-------- Material to process --------

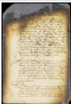
Petition of Dirck Looten for an increase of pay (NYSA_A1809-78_V09_0668)
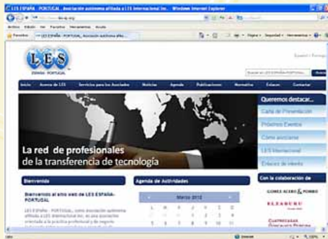
Homepage of LES Spain & Portugal’s new web site, www.les-sp.org
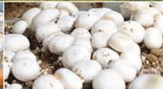
Agaricus bisporus .
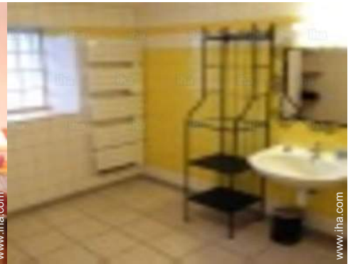
Interior layout and facilities
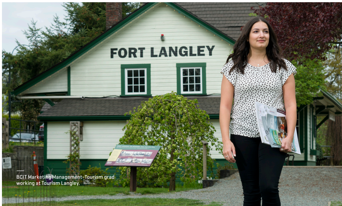
BCIT Marketing Management–Tourism grad working at Tourism Langley.
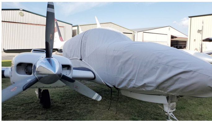
Beech Baron 58 Canopy/Nose Cover

--------

● **Instructions for the task**: Would you write each entry out again exactly, omitting the images?

● **Completed task**:
Petition of Dirck Looten for an increase of pay (NYSA_A1809-78_V09_0668)
Homepage of LES Spain & Portugal’s new web site, www.les-sp.org
Agaricus bisporus .
Interior layout and facilities
BCIT Marketing Management–Tourism grad working at Tourism Langley.
Beech Baron 58 Canopy/Nose Cover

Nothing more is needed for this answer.